Zoals ik al zei maakt het niets uit dat we hier en nu zijn. Wij geven geen moer om de huidige Italiaanse situatie. We geven niet om politiek en zijn volledig gefocust op kunst, wetenschap en geschiedenis vanuit verschillende perspectieven.

Samen met Vertute, Honor, Bellezza hebben jullie al jullie eerder werk heruitgegeven. Bij elke cd hebben jullie een bonus-cd toegevoegd. Hoe hebben jullie de nummers op deze extra cd’s uitgekozen? En waarom staan niet al jullie eerdere singles en ep’s - in het bijzonder het werk rond Dante - op deze cd’s?

Ons nieuw label (Prophecy) vroeg ons om alle nummers uit onze geschiedenis uit te geven, om hen een patent te geven voor ons volledige werk voor de grote opgave van de heruitgave van onze catalogus, allemaal verzameld in een houten doos. Een ware opera omnia van Camerata Mediolanense. Het project omhelsde de drie oude cd’s, de kunstboekversie van Vertute, al onze eigen uitgaven als 7” en 12”, en - uiteindelijk - alle nummers voor verschillende compilaties (vinyl, cassette, cd’s). Een aantal van die oude nummers zijn gênant omwille van hun geluidskwaliteit, maar het doel van deze operatie was zuiver filologisch, en moet dus ook vanuit dit perspectief beschouwd worden.

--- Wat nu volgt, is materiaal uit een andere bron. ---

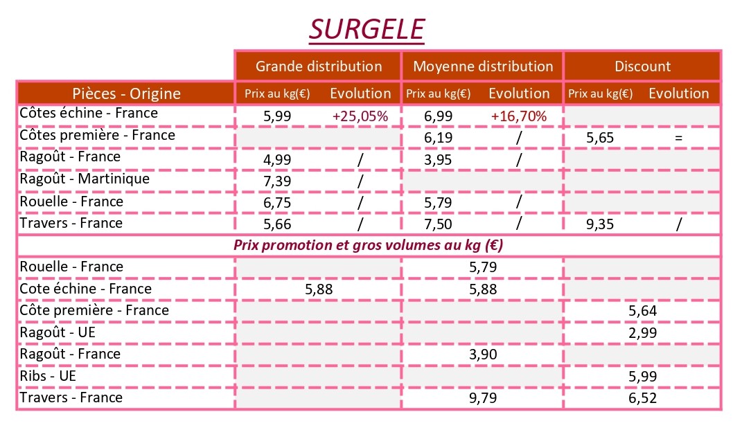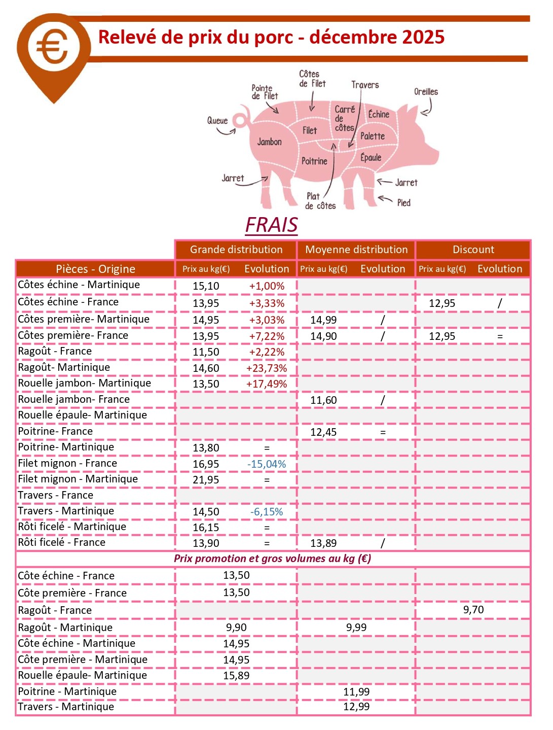 Evolution des prix par rapport au dernier relevé effectué en septembre 2025.
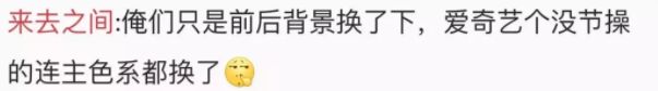 原本鲜明翠绿色的“爱奇艺”也来凑热闹,连微博CEO“来去之间”也忍不住吐槽:
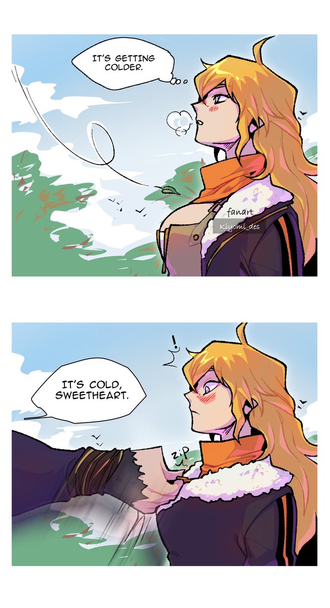 While I can't draw, I will post a thread of all the arts I made for that stripping game. First, it will be arts with the dialogues, then without ~ #bumbleby #YangXiaoLong #BlakeBelladonna #rwby
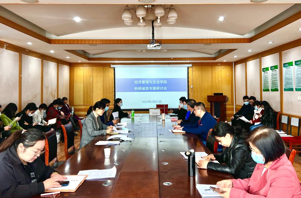 2023年3月21日下午,经济管理与文法学院在经管楼209会议室召开科研诚信专题研讨会,学院科研工作负责人刘力榕主持会议,全体教职工参会。

Eigenlijk hebben we ons nooit volledig kunnen vinden in dit project, want het werk rond Dante (drie 7” vinyls) zijn geen deel van deze tijdspanne. Ze maken deel uit van een project dat nog onvoltooid is. Dus veranderde de titel van de box van Opera Omnia (volledige werken) naar Gesammelte Werke (verzameld werk).

In de bijna 15 jaar tussen Madrigali en Vertute, Honor, Bellezza, heb je je doctoraat behaald. Waar ging je thesis over? Heeft het invloed gehad op je werk met Camerata Mediolanense?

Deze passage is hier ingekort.